To be at peace with self

We live in a society that is obsessed with being thin. Whatever it might be called “fat phobia” or otherwise, when life gets tough, to try this or that diet or exercise regime. Fat phobia has become so ingrained in our culture that it is almost unrecognizable to the naked eye. Today’s diet culture doesn’t address body image issues or weight stigma. Losing weight is now glorified to the Nth degree and the use of medicines such as Ozempic is now a multi million dollar industry. To be skinny is viewed as having some sort of control over our bodies. I do not blame this fat phobia, but I have a choice in how I respond to it.

I have grown in my ability to be confident in my own skin, of late. Historically I have struggled with eating disorders and body dysmorphic disorder. I have dieted and lost weight several times in my adult life. Each time I successfully lost a lot of weight, and eventually gained it back. What is different this time around, is that I have a healthier relationship with myself and my body. I have a healthier relationship with food. I no longer binge, or hide what I eat, or force it back up. It’s been several years since I did any of these habits. Now, being at one of my heaviest weights, and attempting for the past 2 years to take it off and exercise, have opted potentially for medical intervention. I am not 100 percent committed to the decision, but I am exploring it.
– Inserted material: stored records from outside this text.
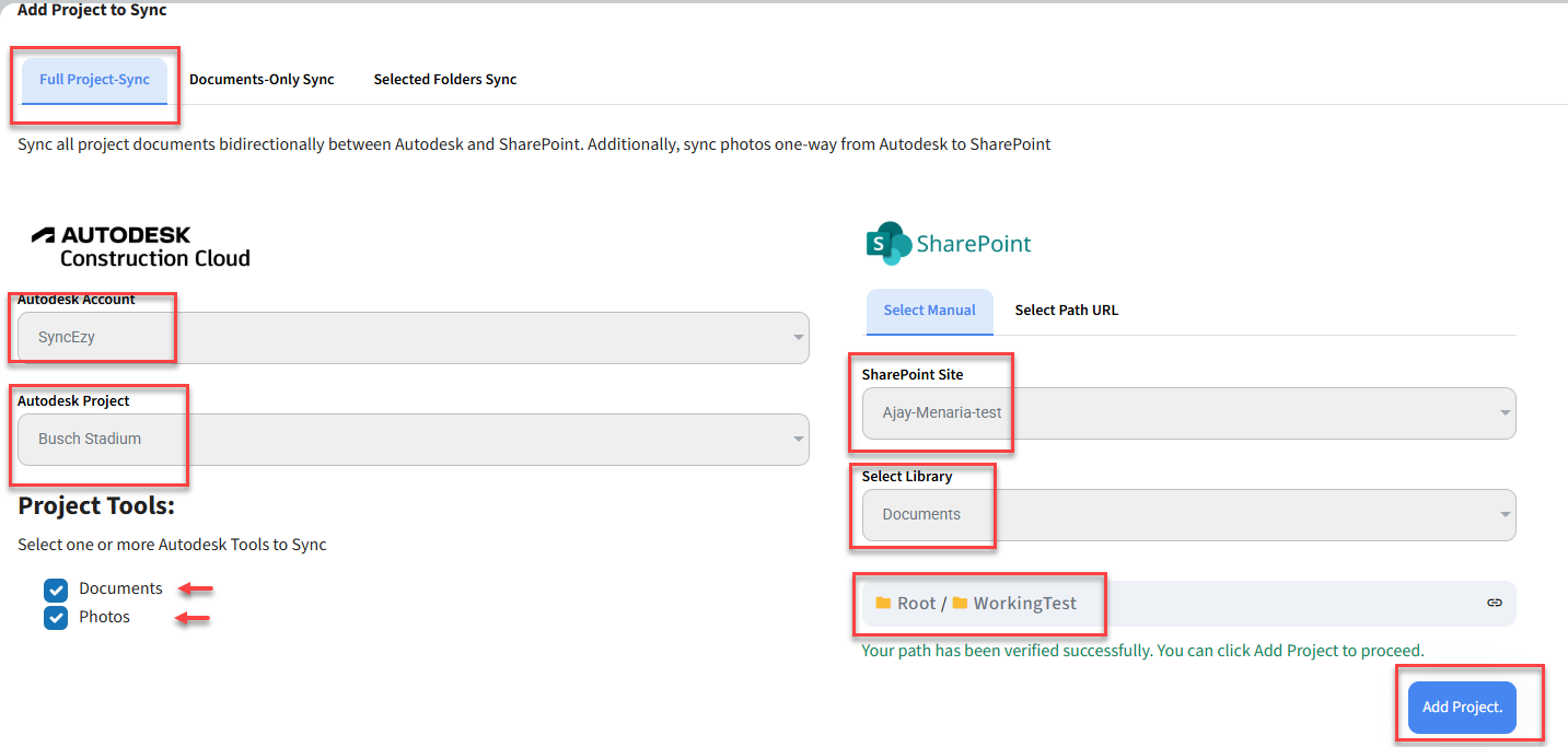 9. Click on Add Project when you get the message "Your path has been verified successfully. You can click Add Project to proceed.".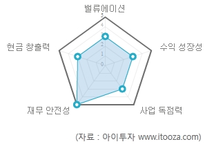 주식MRI는 아이투자에서 자체 개발한 실시간 종목분석 도구다. MRI 종합 점수는 수익성장성과 재무안전성 뿐만 아니라 기업의 이익 지속성을 가늠할 수 있는 사업독점력과 적정주가 수준까지 함께 고려해 판단한다. 주식MRI 종합 점수는 25점이 최고 점수이며 높을수록 저평가 우량 기업이다. 또한 종합점수가 높을수록 5각형 모양의 도형 내부가 가득찬 그물 형태로 나타난다.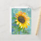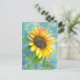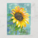 Ett vykort av söt som dekoreras med solrosblomma av solsken i gult som är färgad med en mjuk akablåbakgrund.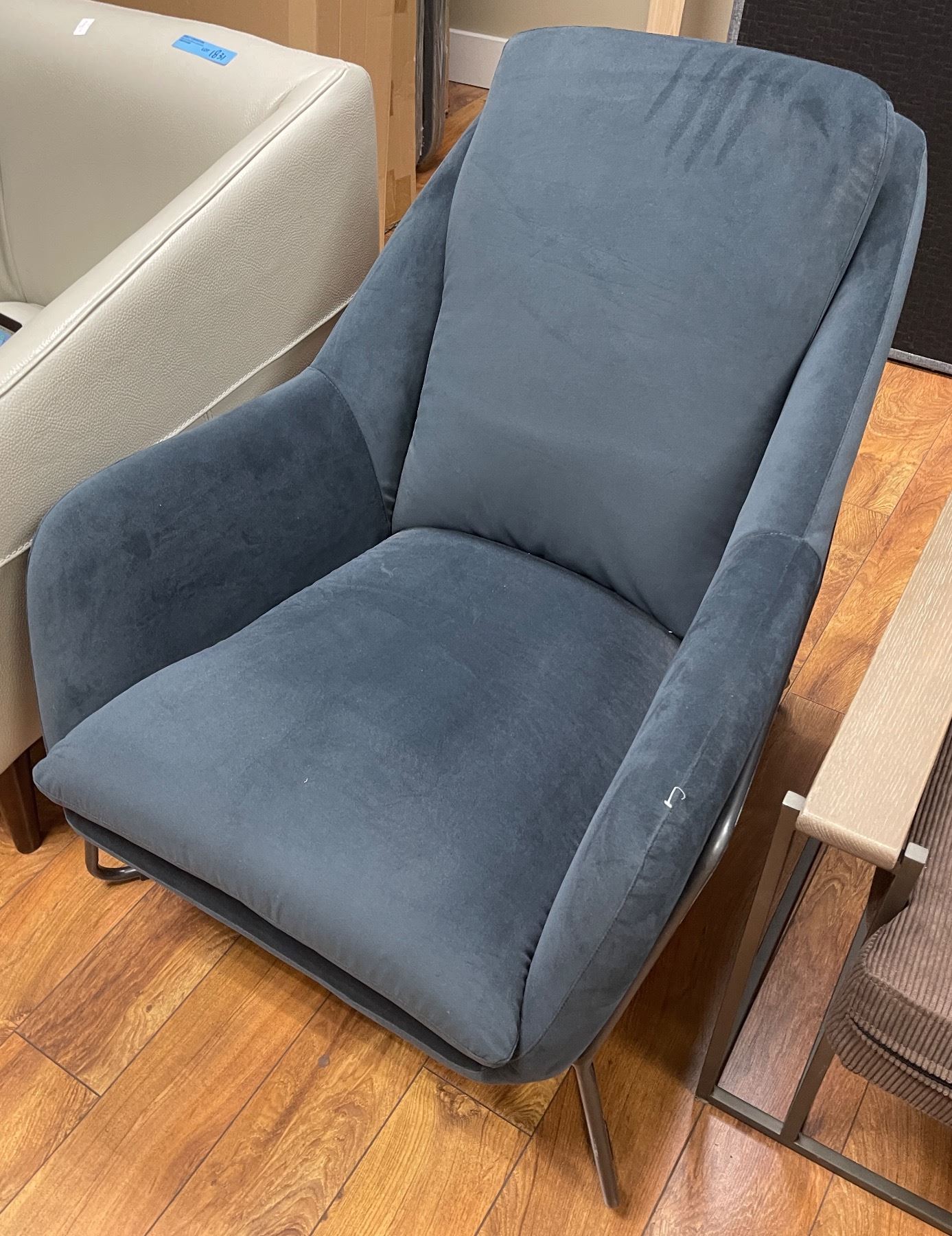 Blue Velvet Accent Chair, H31" x W26" x D33"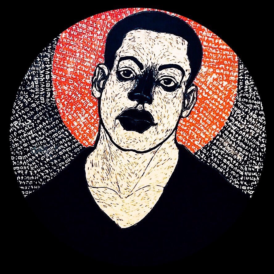 Ephrem Solomon observe son environnement et présente des œuvres socio-politiques à la gravure sur bois et techniques mixtes. Avec du noir et blanc pour symboliser la réalité, Solomon présente ses observations par le symbolisme et l’utilisation de documents d’archives personnels ou liés à la politique.

One thing that gets in the way of my health, is my mental health condition. The symptom of impulsivity is something I can’t always have complete control over, it is my worst symptom of Bipolar disorder to overcome or manage. I let it get the best of me at times, other times it is well in check. Managing the illness is enough, dealing with the side effects from it (weight gain) is more than annoying. These past two years I have been exercising but not managing my nutrition to the best of my ability. I want to work on that specifically over the next few months. Making healthy decisions instead of the fastest gratification.

I’ve chosen to do something a little unusual and started a YouTube channel. My decision is solely to document this journey, maybe I can make a dent in the fat phobic culture. I don’t intend to cause a huge splash. If I can’t beat the fat phobic culture I might as well join the craze, but this time in a healthier way. Because this time I have done the work on myself, I am not ashamed to ask for medical interventions, and I am at peace with my body, at this weight and at whatever weight I end up.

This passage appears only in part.